After Lab 4.6 — Recap
After Lab 4.6 — Recap
You converted a KQL query into an analytics rule, simulated the attack scenario, and investigated the resulting incident. You also set up Azure DevOps audit streaming and created a PAT detection rule.
What You Should Understand
The Detection Pipeline
Manual → Validated → Automated → Responded → Tuned. This is how every detection rule evolves — from a manual KQL query into a scheduled, validated, automated, and finally tuned control.
Analytics Rule Properties
| Property | Purpose | Example |
|---|---|---|
| Name | Human-readable rule identifier | "Direct access to internal backend" |
| Severity | Risk level (High, Medium, Low, Informational) | High |
| Tactics | MITRE ATT&CK tactic | Initial Access, Lateral Movement |
| Techniques | MITRE ATT&CK technique | T1190 — Exploit Public-Facing Application |
| Schedule | How often the query runs | Every 5 minutes |
| Time window | How far back the query looks | Last 5 minutes |
| Threshold | Number of matches to trigger | 1 or more |
The Incident Lifecycle
For the full diagram and theory, see Lab 4.6 — From Query to Detection.
What you saw in this lab:
- New: The analytics rule you created fired after simulating external access to the internal backend
- Review: You opened the incident in Sentinel, reviewed entities (IPs, URLs, HTTP methods), and traced the timeline
- True positive: The simulated attack matched the rule — confirmed by seeing the exact log entries
- False positive: If a rule fires for legitimate admin traffic, you return here to tune thresholds or add exclusions
- Remediate: You documented the findings — blocking the source IP and reviewing access controls
- Closed: You recorded the incident outcome and any rule tuning actions for future reference
MITRE ATT&CK Mapping
MITRE ATT&CK provides a standardised framework for classifying security incidents:
| MITRE Tactic | What It Means | Day 4 Example |
|---|---|---|
| Initial Access | Gaining entry to the environment | External IP accessing internal backend |
| Lateral Movement | Moving between systems | Internal backend accessing Key Vault |
| Collection | Gathering data | Accessing sensitive endpoints |
| Exfiltration | Removing data from the environment | Large response sizes, data download |
| Impact | Disrupting or destroying systems | HTTP 500 errors, resource deletion |
Each analytics rule should be mapped to the relevant MITRE tactic(s).

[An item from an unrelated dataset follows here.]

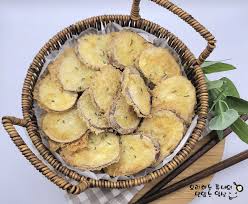 고구마튀김은 얇게 썬 고구마를 튀김옷에 입혀 튀긴 요리로, 겉은 바삭하고 속은 포슬한 식감이 매력적입니다. 간식, 도시락 반찬, 분식집 메뉴로도 사랑받죠.
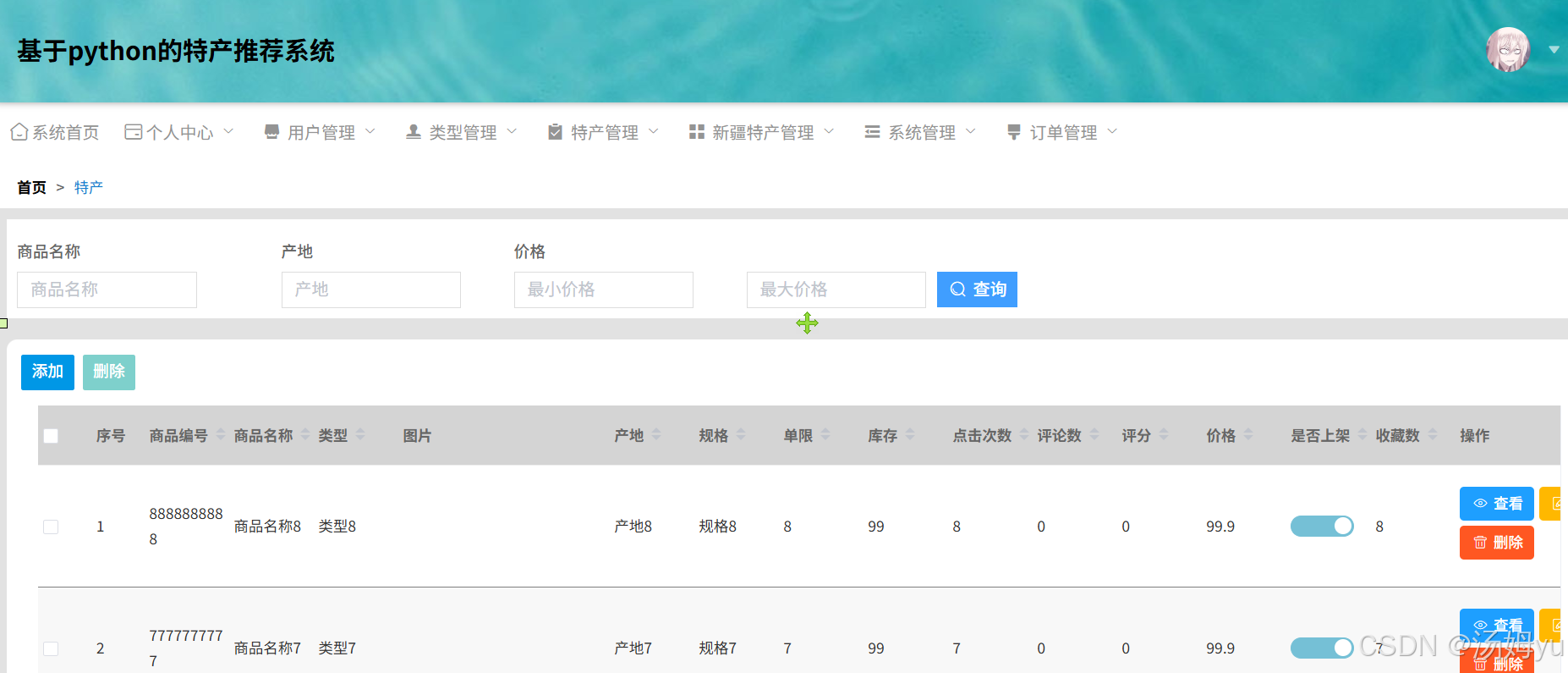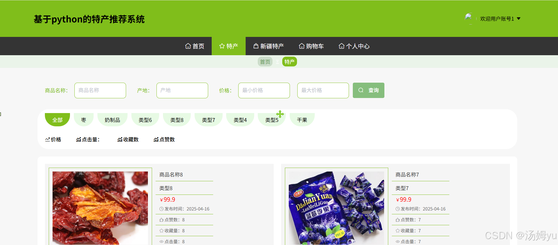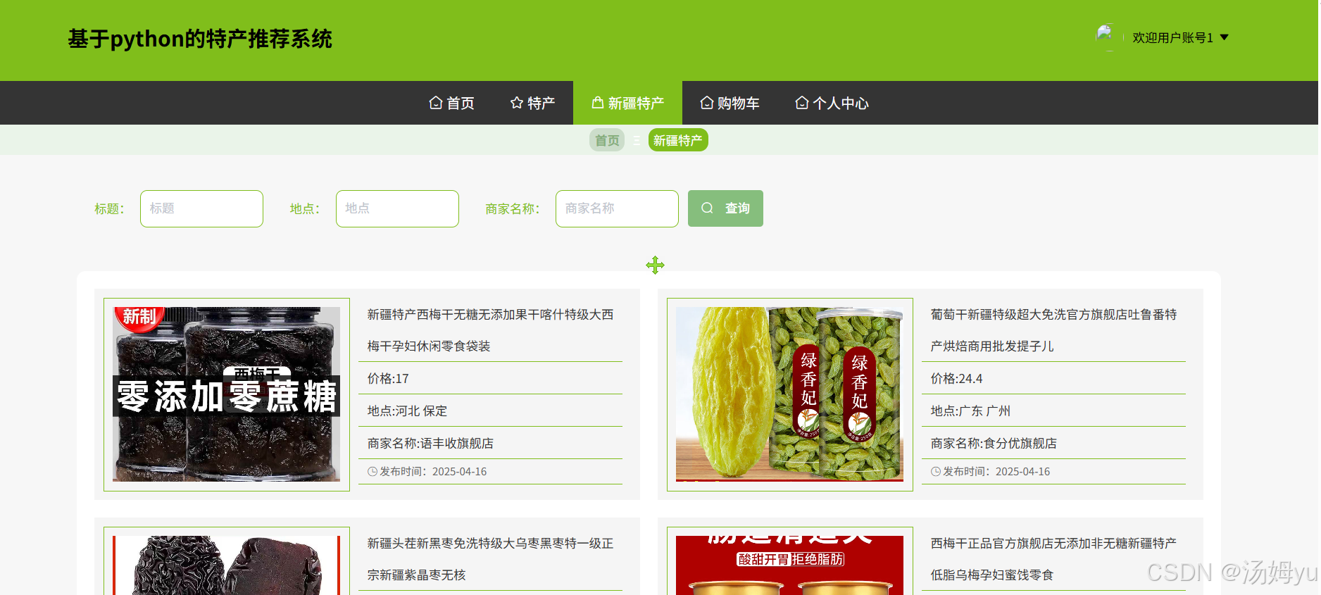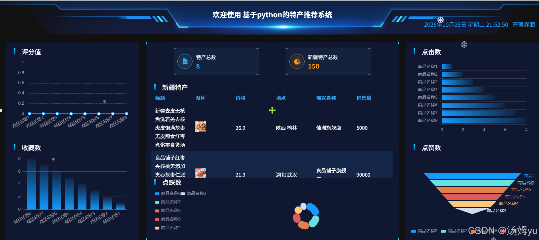 在学术研究层面,基于 Python 大数据的特产推荐系统融合了计算机科学、数据科学、市场营销学等多学科知识,为跨学科研究提供了新的实践范例。利用 Python 强大的数据处理能力,对海量的特产数据以及用户行为数据进行深度挖掘与分析,能够探索出适用于特产领域的用户兴趣建模方法和推荐算法优化策略,丰富和完善现有的推荐系统理论体系。同时,该研究有助于深入理解用户购买特产的决策过程和影响因素,为消费者行为学研究提供新的视角和数据支持,推动相关学科理论的创新发展。对于消费者而言,此系统能够根据其历史购买记录、浏览行为、地理位置等多维度信息,精准推荐符合其口味和需求的特产,节省消费者在海量特产中筛选的时间和精力,提升购物效率和满意度,让消费者轻松选购到心仪的特色产品,增强旅游消费体验。从特产商家角度,系统可以帮助商家深入了解消费者的偏好和市场需求,实现精准营销。商家能够根据推荐反馈调整产品策略,优化产品种类和库存管理,提高产品的市场适应性和竞争力,增加销售额和利润。对于特产产业整体发展,该系统有助于打破地域限制,扩大特产的市场覆盖范围,促进特产的流通和销售,推动特产产业的规模化、标准化发展。同时,通过挖掘特色特产,弘扬地域文化,提升地方特产的知名度和美誉度,实文化与经济的良性互动,助力地方经济发展和乡村振兴。

This helps:
- Prioritise incidents: Tactics like Initial Access and Exfiltration are higher priority
- Identify gaps: If no rules cover a tactic, you may be blind to that attack phase
- Communicate with stakeholders: MITRE ATT&CK is a standard language for security reporting
DevOps Security Monitoring
In the mini-lab, you extended Sentinel to monitor Azure DevOps audit events. This is a critical addition because the pipeline is part of your infrastructure:
| DevOps Audit Event | MITRE Tactic | Why It Matters |
|---|---|---|
| PAT created | Credential Access | Persistent access even after password rotation |
| Service connection modified | Persistence | Attacker modifies service connections to maintain deployment access |
| Variable group created | Collection | Secrets and tokens added to pipeline variables for later exfiltration |
| Audit stream disabled | Defense Evasion | Attacker disables their own detection capability |
| Pipeline modified | Execution | Malicious code injected into the build process |
Rule Tuning: Reducing False Positives
Not every match is a real threat. Rule tuning is an ongoing process:
| Tuning Action | Effect | Risk |
|---|---|---|
| Increase threshold | Fewer incidents | May miss low-volume attacks |
| Narrow time window | More precise detection | May miss slow, distributed attacks |
| Add IP exclusions | Reduces false positives from known sources | May miss compromised internal hosts |
| Change severity | Adjusts incident priority | Does not reduce incident count |
| Add exclusions | Filter out legitimate patterns | May miss disguised attacks |
Example: An analytics rule that triggers on "any request to /admin" will fire for legitimate admin access. Tuning it to "external IP + request to /admin + status 403" reduces false positives significantly.
For a deeper dive into tuning strategies, see Alarm Fatigue & Sentinel Tuning.
Reflection Questions
Why do analytics rules have a schedule instead of running continuously?
Performance and cost trade-off:
- Running a KQL query continuously would consume unlimited resources. Scheduled execution (every 5 minutes to 24 hours) limits the query volume and cost.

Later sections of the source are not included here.